Top of Data to examine

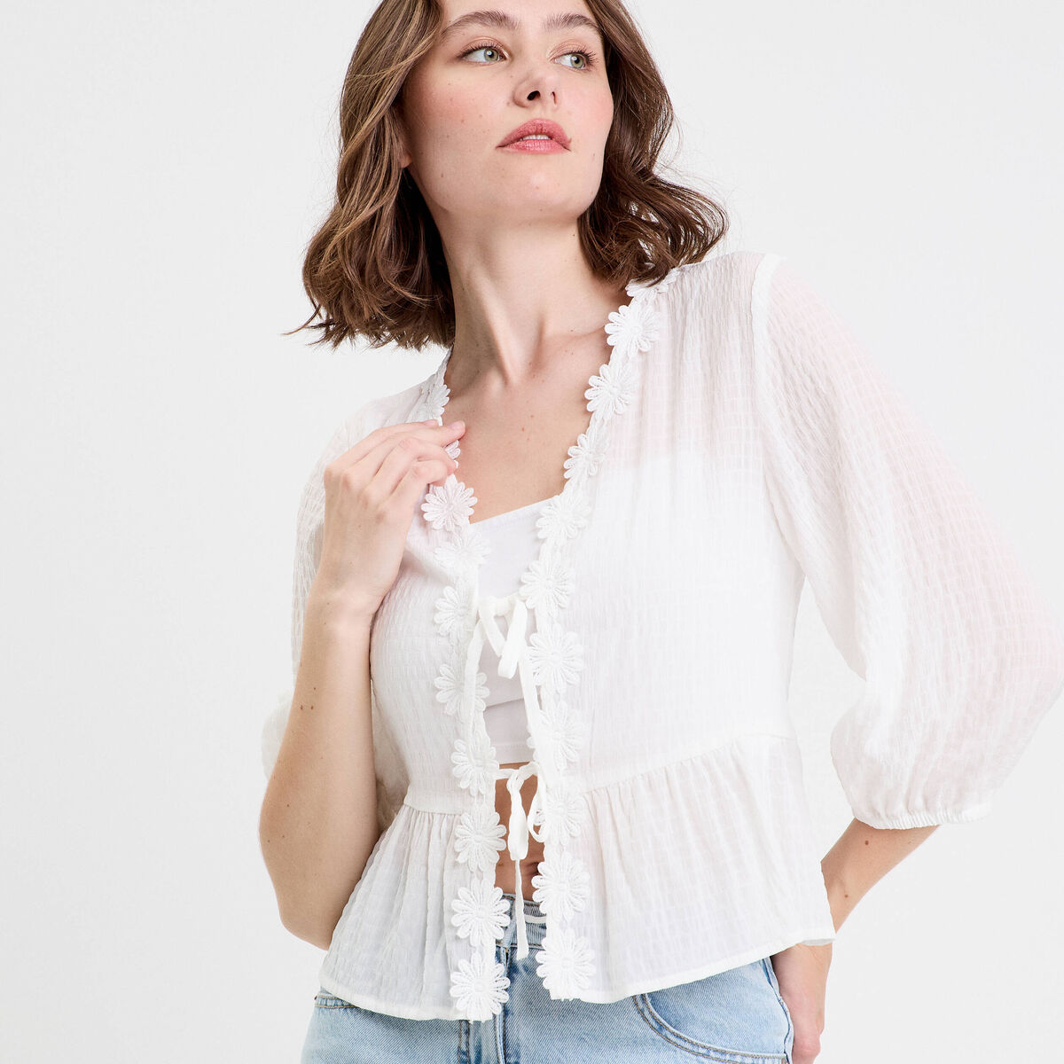 Blouse ajourée manches longues ivoire femme
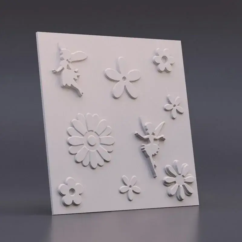 Гипсовые 3D панели "Феи" с детским сказочным рисунком прекрасно подойдут для внутренней отделки детской комнаты. Веселый рисунок в виде летающих фей среди цветов обязательно понравится малышам.
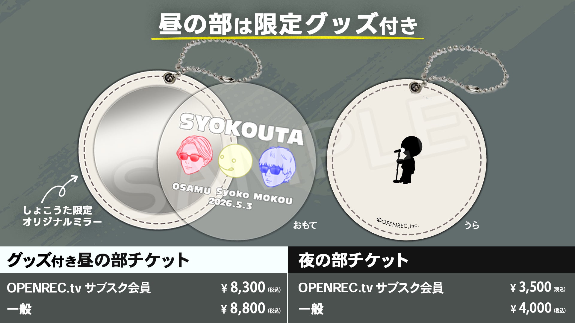 ※昼の部はいずれのチケットも「しょこうた限定オリジナルミラー」付きとなります。
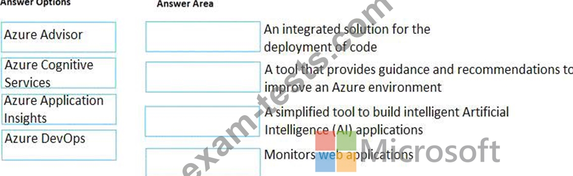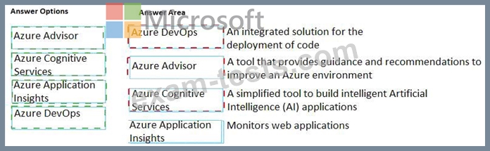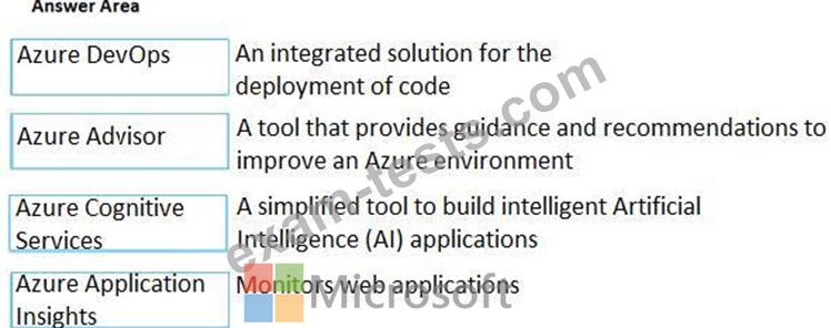 Instructions: To answer, drag the appropriate Azure service from the column on the left to its description on the right. Each service may be used once, more than once, or not at all.
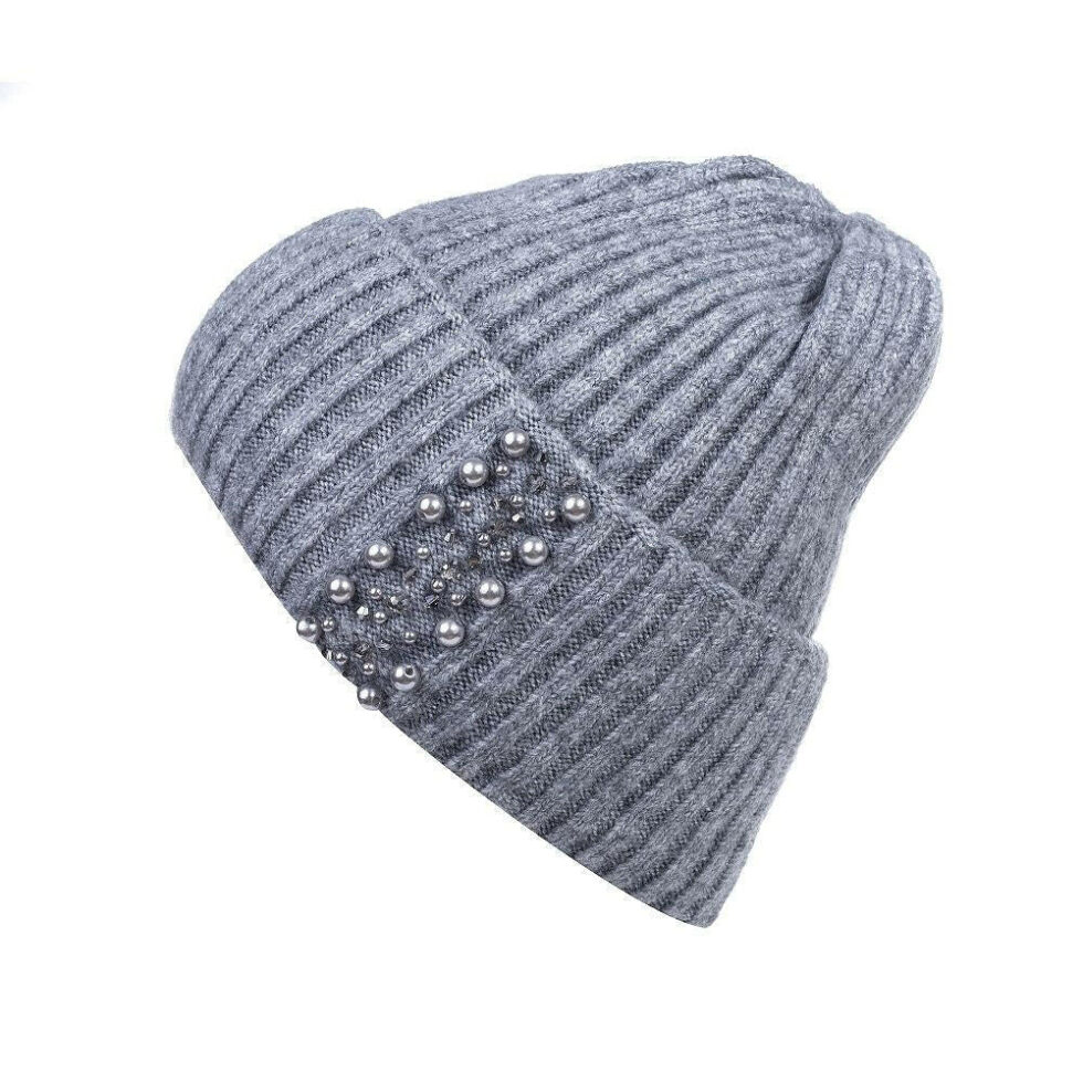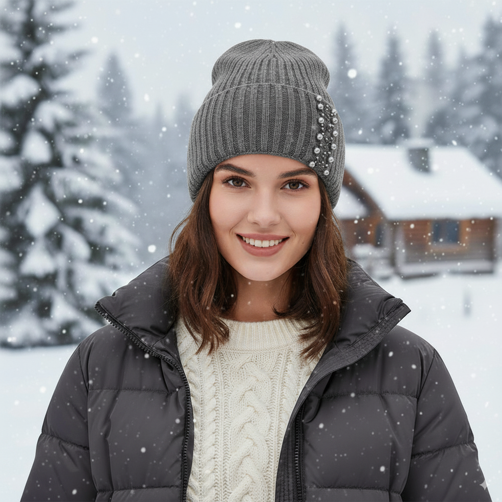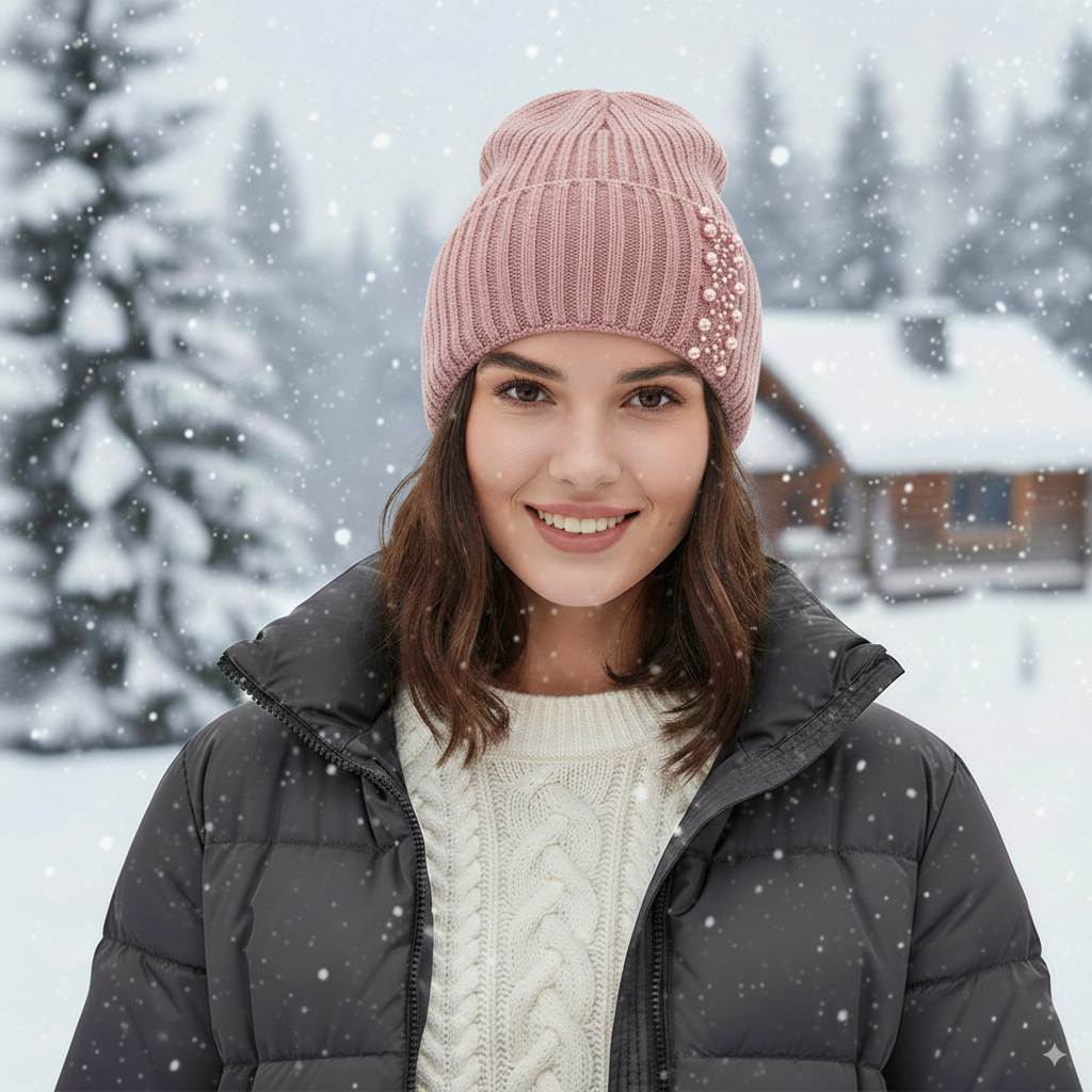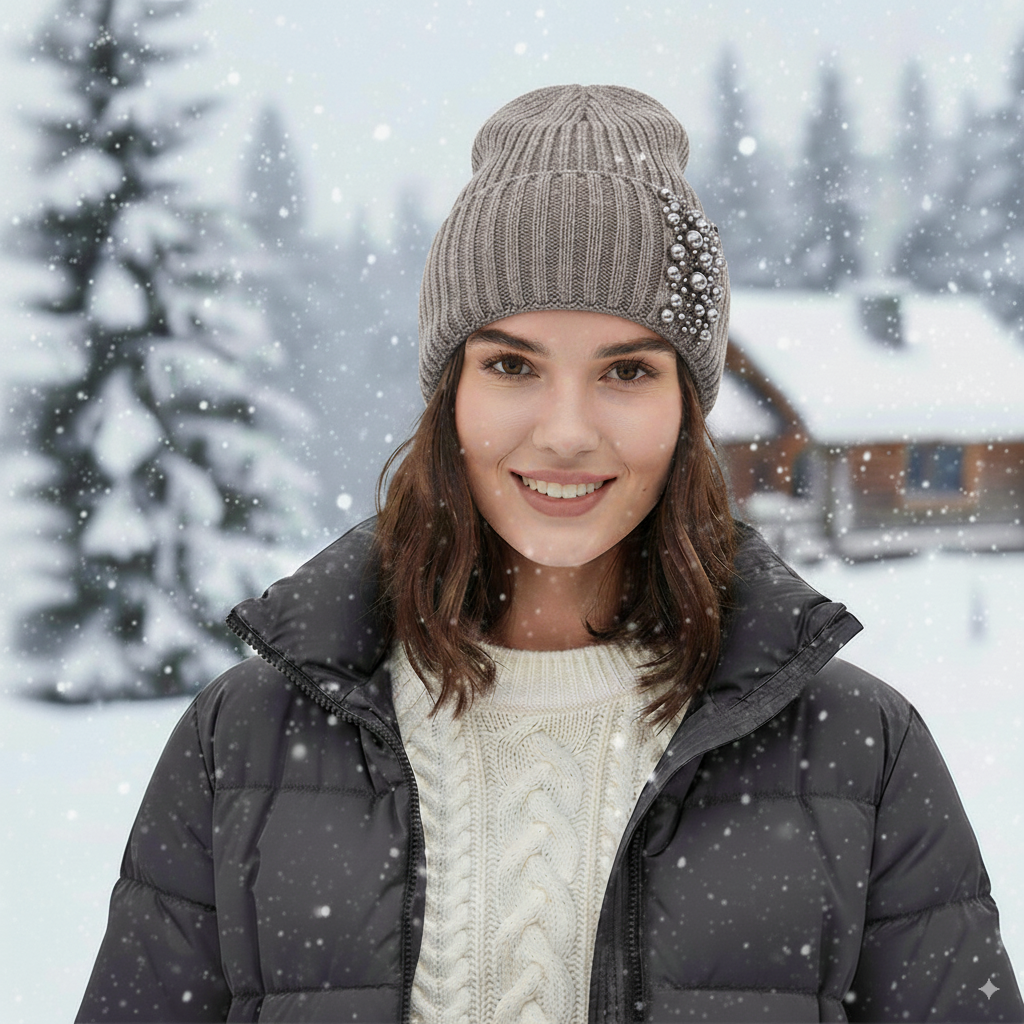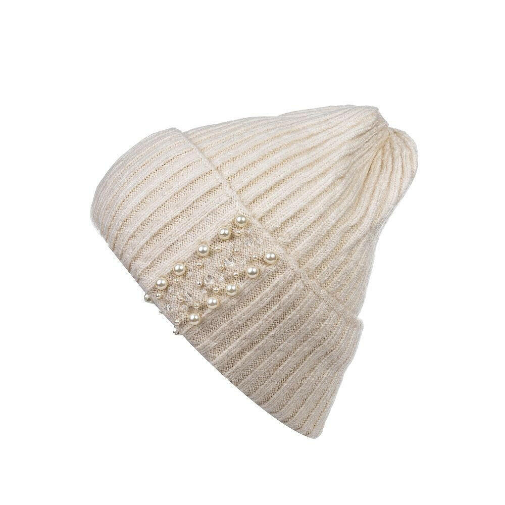 Elegant Pearl Beanie – Ribbed Knit Winter Hat for Women

Bottom of Data to examine

> _Task statement_
Apart from the pictures, return the records exactly.

> _Solution_
 Blouse ajourée manches longues ivoire femme
 Гипсовые 3D панели "Феи" с детским сказочным рисунком прекрасно подойдут для внутренней отделки детской комнаты. Веселый рисунок в виде летающих фей среди цветов обязательно понравится малышам.
 ※昼の部はいずれのチケットも「しょこうた限定オリジナルミラー」付きとなります。
 Instructions: To answer, drag the appropriate Azure service from the column on the left to its description on the right. Each service may be used once, more than once, or not at all.
 Elegant Pearl Beanie – Ribbed Knit Winter Hat for Women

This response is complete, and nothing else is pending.